Он закусил губу и нервным движением вырвал из рук солдата винтовку так неожиданно, что тот в испуге отскочил. Олена уже не смотрела на капитана. Ее глаза снова устремились на воду, на ее поблескиванье, на непрестанную текучую жизнь.

Вернер отступил на шаг и изо всех сил воткнул штык в спину стоящей на коленях женщины. Она упала лицом на край проруби. Задетый при падении снег узкой тонкой струйкой посыпался в прорубь. Как мука из отверстия жернова. Олена смотрела, почти касаясь лицом темной поверхности. Снег, упав в воду позеленел, сбился в комок, заплясал на поверхности проруби.
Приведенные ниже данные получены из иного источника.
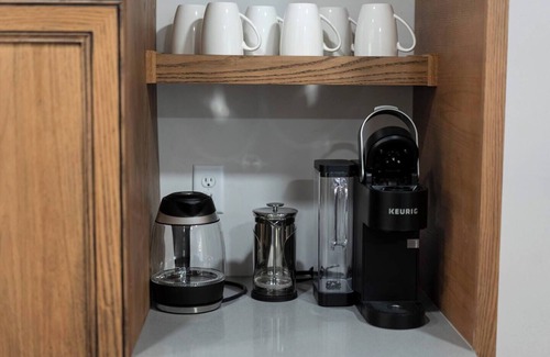 3. What does the kitchen include? - The kitchen has all new appliances including a dishwasher and microwave and is fully stocked with normal kitchen items plus a crock-pot, rice cooker, roasting pan, waffle maker, toaster, blender, a Keurig and a French Press, Tea Kettle, various size pots & pans, meat thermometer, turkey baster, mixing bowls, glass pie pan, baking sheets, and a rolling pin.

Капитан с усилием вытащил штык и воткнул еще раз. Женщина вздрогнула и плоско, неподвижно вытянулась на покрытом снегом льду. Пряди растрепанных волос свисли вниз, коснулись воды. Вода подхватила их, залила волной, и они заплясали в ней, как живые.
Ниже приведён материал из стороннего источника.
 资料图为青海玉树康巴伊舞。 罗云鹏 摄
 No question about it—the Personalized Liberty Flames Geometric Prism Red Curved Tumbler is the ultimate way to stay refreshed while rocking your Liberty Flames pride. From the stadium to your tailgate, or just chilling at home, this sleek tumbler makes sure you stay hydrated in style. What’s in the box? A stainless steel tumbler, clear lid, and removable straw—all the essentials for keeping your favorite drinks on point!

— В воду ее, — скомандовал капитан. Солдаты подскочили и стали прикладами сталкивать тело. Прорубь была мала, голова упала в воду, но руки торчали по сторонам, словно сопротивляясь.

— Вы что, с одной бабой справиться не можете! — заорал капитан вне себя от бешенства. Солдаты торопливо бросились к покойнице. Они выламывали ей руки, силком запихивали ее под лед, в воду. Она погрузилась по грудь, потом по живот. Теперь они сталкивали ее сапогами, прикладами, торопясь под взглядом капитана. Наконец, вода хлюпнула от падения тела. Теперь из проруби торчали только синие, опухшие ноги, ничем уже даже непохожие на человеческие ноги. Они били прикладами по этим ужасным, изуродованным культяпкам. Наконец, вода хлюпнула, застонала, вздулась. Тело исчезло. Журчащая, мелкая волна вырывалась из-под льда и снова исчезала подо льдом, убегая своими дальними дорогами в дальние, дальние места.
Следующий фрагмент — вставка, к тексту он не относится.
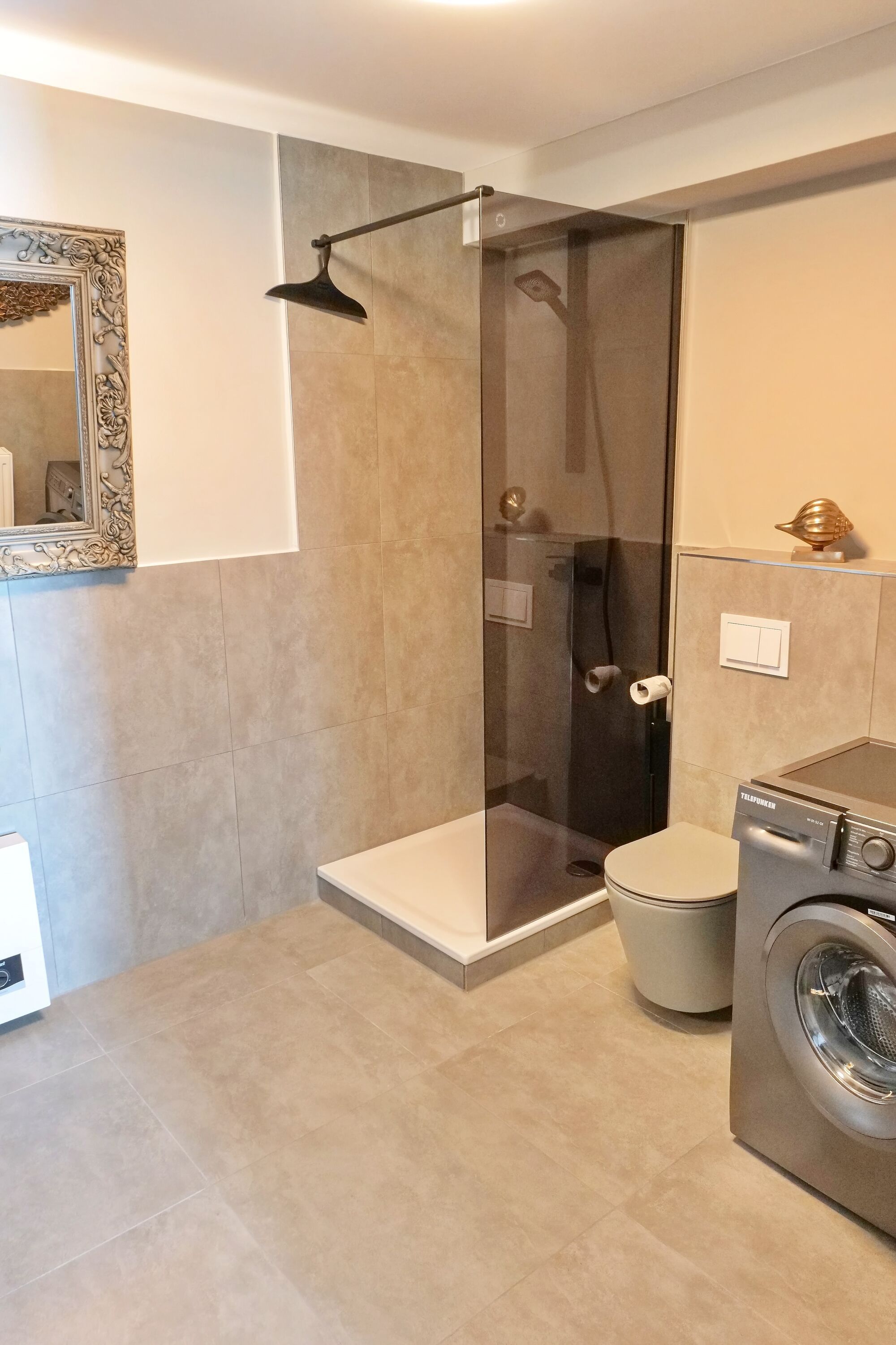 • Schickes Badezimmer mit Dusche, WC, Spiegel und ausreichend Ablagefläche für Ihre Beautyutensilien. Eine Waschmaschine und ein Wäscheständer sind vorhanden.

Капитан выругался и двинулся обратно, скользя на обледеневшей тропинке. Солдаты покорно шли за ним, стараясь незаметно для него опираться на винтовки.

Внизу, в проруби журчала темная вода, отливая зеленью, поблескивали края проруби. На истоптанном снегу были видны следы солдатских сапог. И только с одной стороны на белом снегу остался красный след — там, где первый раз упало тело ребенка. На белой поверхности осталось красное пятно, ясное, отчетливое, словно оно никогда не должно исчезнуть со снега, словно останется здесь навсегда, до весенних солнечных дней, когда снег потрескается, стечет потоком в реку, и свободная река понесет свои буйные воды по далеким равнинам, в далекое необъятное море, родное море родной земли.

Глава шестая

Пуся мылась в корыте. Федосия Kравчук в мрачном молчании носила воду, подливала кипяток из горшка, таскала в комнату. А та сидела в корыте, мылила худенькие плечи. Она не стыдилась своего немца, который сидел на лавке и курил папиросу за папиросой. Курт был мрачен и весь вечер молчал.

— Курт…

Он очнулся от задумчивости.

— Что?

— Ты все молчишь, не обращаешь на меня внимания, будто меня и на свете нет…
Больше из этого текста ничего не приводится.